Xml-based The Origin Calculated And Origin Storage Research

With the development of science and technology, XML data has become the new criterion of data representation and data exchange on the Web. XML data is semi-structured data. Due to its scalability, platform independence, openness, etc, XML data has been widely used in many fields, such as scientific computation, electronic commerce and data integration.However, the rise of Web technology changes the flowing way of data. Data replication, processing and conversion have become increasingly frequent. During the data flowing, data quality is difficult to control, which makes it become difficult to identify data reliability. Data provenance is to describe the data origin, and all evolution processes over time. Data provenance is important to data management, especially in scientific data and high-quality Web data management. Therefore, tracking and managing XML data provenance is a subject with great research value and application prospects, moreover it is a useful exploration of improving the Web data quality.This work is investigated from three parties, including provenance model, provenance calculation and provenance storage.

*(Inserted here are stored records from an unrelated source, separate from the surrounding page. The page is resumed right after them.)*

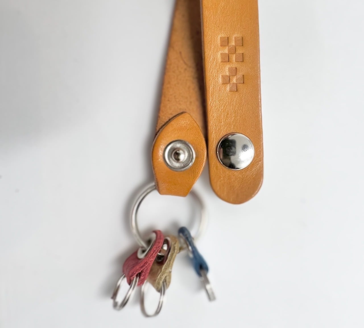 また9色から選べる小さなキーリング付きなので家や職場などのカギを使い分ける事が出来ます。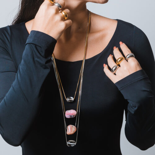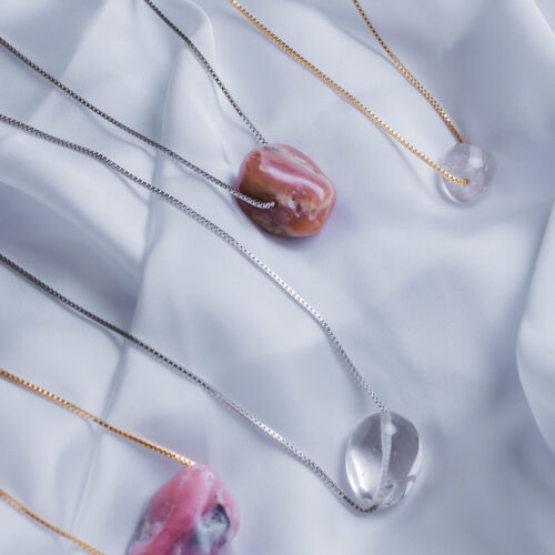 Colar longo com pedra natural Opala Rosa, no banho diamante. Possui extensor de 10cm. Por se tratar de um produto com materiais naturais, as peças podem sofrer diferenças de tonalidades e tamanhos.*Consulte a aba “dicas de conservação” ou vide a etiqueta afixada ao produto para ciência sobre os cuidados com a peça.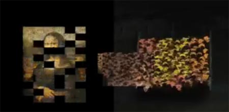 接下来的画面更令人惊叹:身披五颜六色发光二极管“外套”的羊聚集在一块方形场地里,乍看之下并没有什么特殊之处。但随后画面揭示,每群羊都构成作品的一小部分,全部拼好后,竟然组成了达芬奇的名画《蒙娜丽莎》。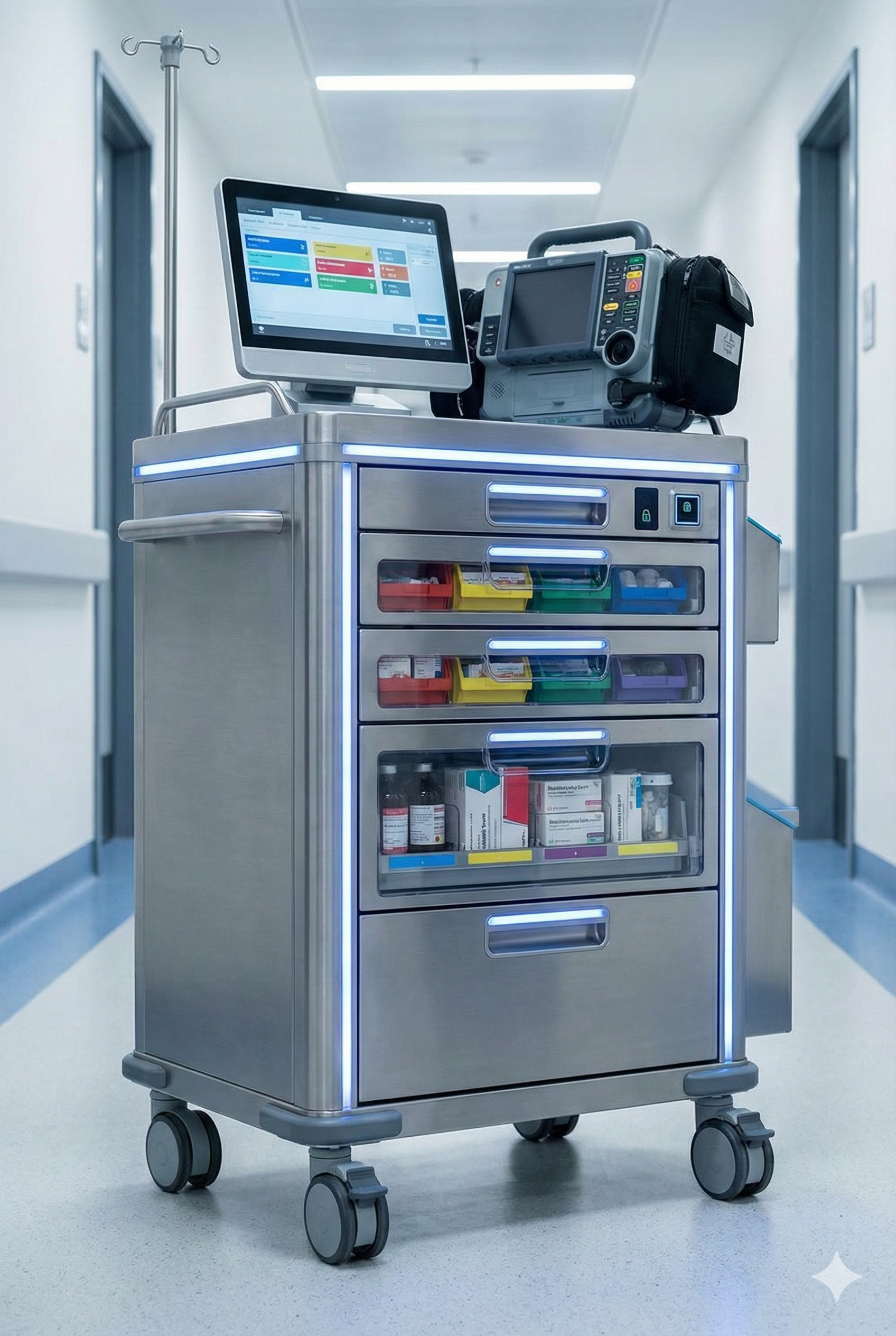 Multi-drawer emergency cart for quick access to emergency medications and equipment.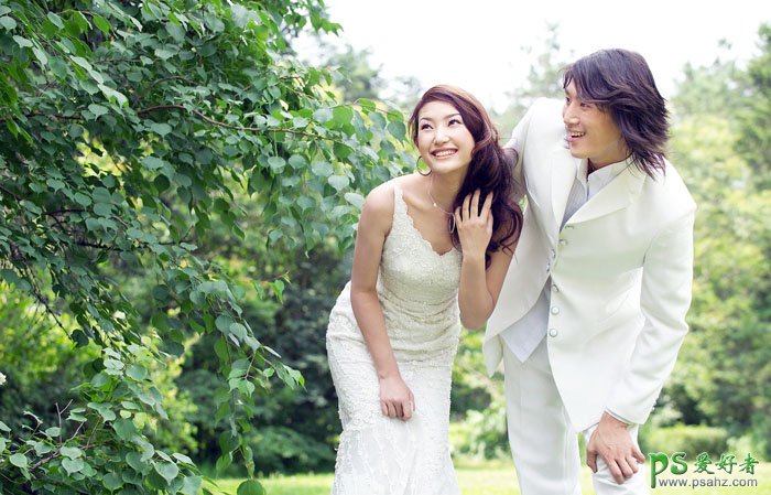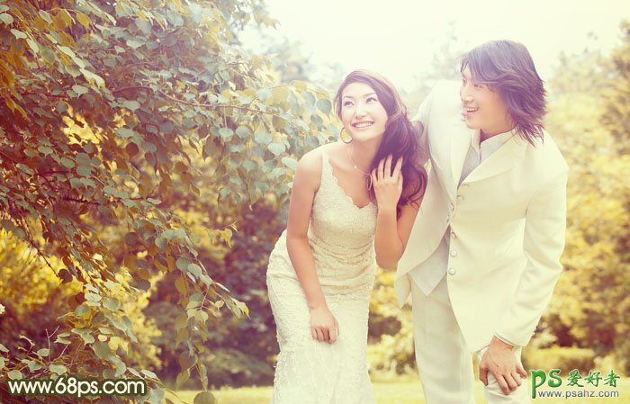 PS婚片调色实例教程,PS调出柔和的淡黄色漂亮情侣外景婚片教程,淡黄色调色方法有很多。可以根据素材图片的颜色构成选择不同的方法。如果画面的颜色比较杂乱用渐变映射或纯色填充调色是最快的。如下面的素材图,颜色比较单一,用调色工具细调也是比较快的。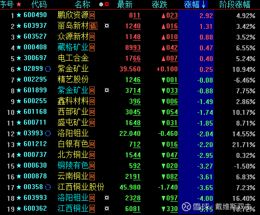 查看图片//@戴维斯双击:回复@牢记先生教诲:是否到头我不知道,但是这个位置,我不会再去看铜和白银。有色金属这个大行业已经牛了1年了,后面大概率不会再全面板块性领涨了。要在涨需2个条件:(1)业绩跟上涨幅消化估值;(2)新的预期。我估计春节后,会有新行业取代有色成为新的主线板块。现在也不用去猜,肯定不是现在热门的板块。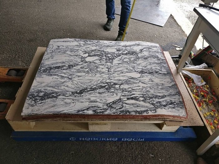 Когда заливка будет сделана наполовину, нужно добавить синтетическую сетку для армирования. Вместо неё в раствор можно залить волокна фибры. После армирования заливка продолжается до заполнения формы. Все время проводится вибрирование для уплотнения массы, так что работы нужно выполнять на вибростоле. На поверхности смеси нужно сделать бороздки – так камень будет лучше приклеиваться.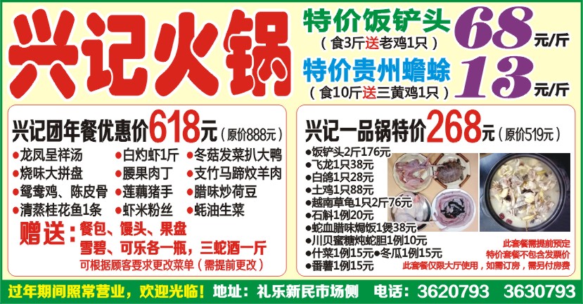 过年期间照常营业,欢迎光临!地址:礼乐新民市场侧 电话:3620793 3630793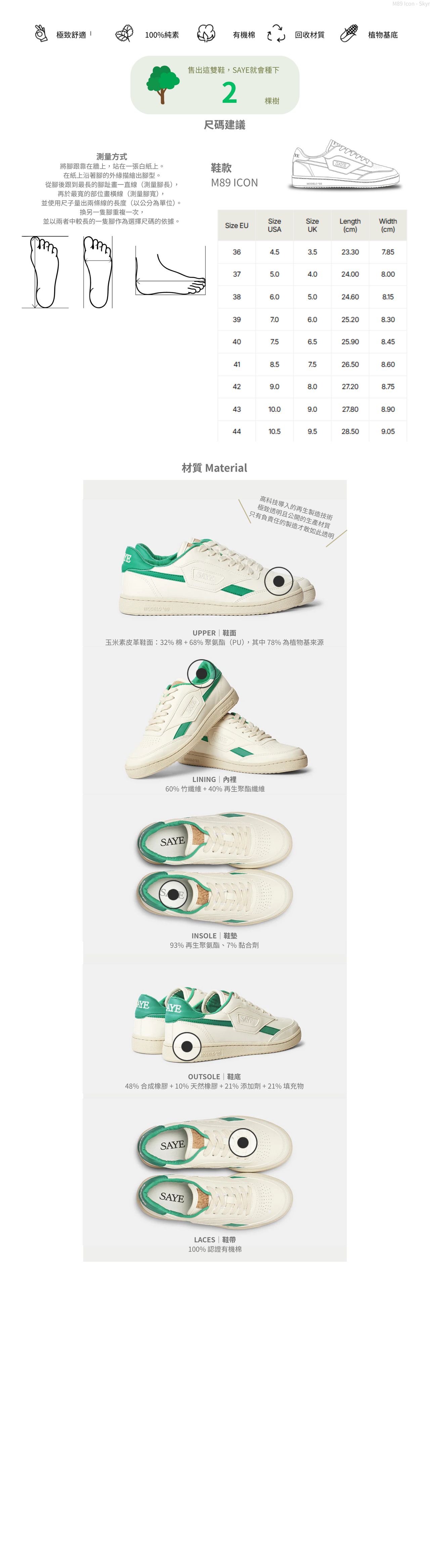 • 永續承諾: 每售出一雙球鞋,SAYE資助種植 兩棵樹 (看greenspark追蹤SAYE的植樹紀錄https://reurl.cc/Eb8lpm)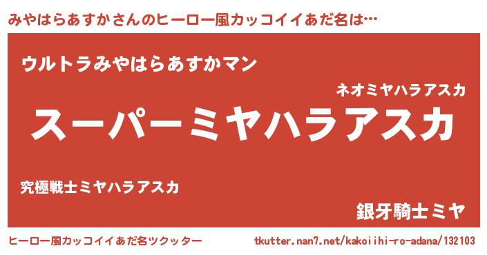 みやはらあすかさんのヒーロー風カッコイイあだ名をツクッター!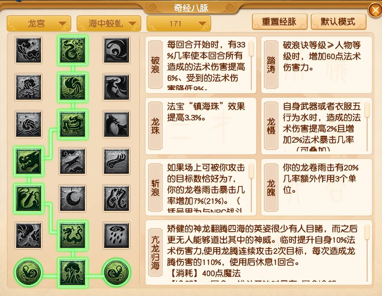 如果自身硬件较差的话,第一排的【破浪】并没有【狂浪】好,第四排的【龙慑】也不如【翱翔】。因此,经脉点法会变为“3232122”。不过,这么点的话会导致防御力偏低,各位小伙伴一定要注意。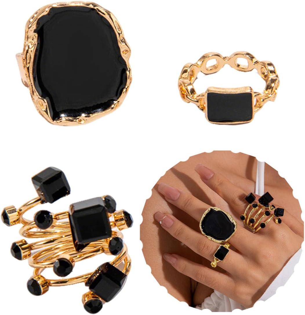 LadayPoa 3Pcs/Set Vintage Statement Rings for Women, Dainty Cocktail Stacking Rings, Gold Plated Black Layered Finger Ring, Big Chunky Geometric Punk Jewelry Accessories Festival Gifts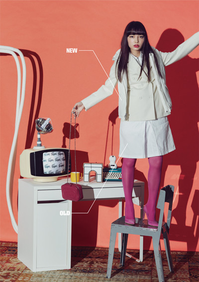 女性の社会が進んだ80年代に流行した言葉「パワードレッシング」をキーワードに新旧ミックスコーディネート。現代風に気取らないエレガンスを表現してアレンジ。新作のアウター¥30,240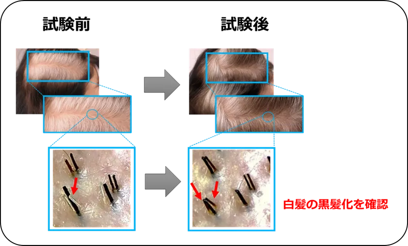 ■ヒトに対して白髪の進行を78%改善。明確な黒髪化も確認。

First, we analyze existing provenance model and the problems. Aiming at the characteristics of XML tree structure, a novel annotation structure is introduced, and the more general provenance model is proposed. Secondly, base on provenance model, a set of generalized provenance calculus rule and related concepts are defined, and the related properties of provenance calculus are presented. These properties and calculus rules can realize the provenance expression for the query results, especially for Where-and How-provenance models. Finally, the efficient provenance storage issue is investigated, using the characteristics of provenance information, this work proposes the provenance storage reductions. And experiments show that the proposed storage technologies in this paper have a better scalability compared with existing storage technologies.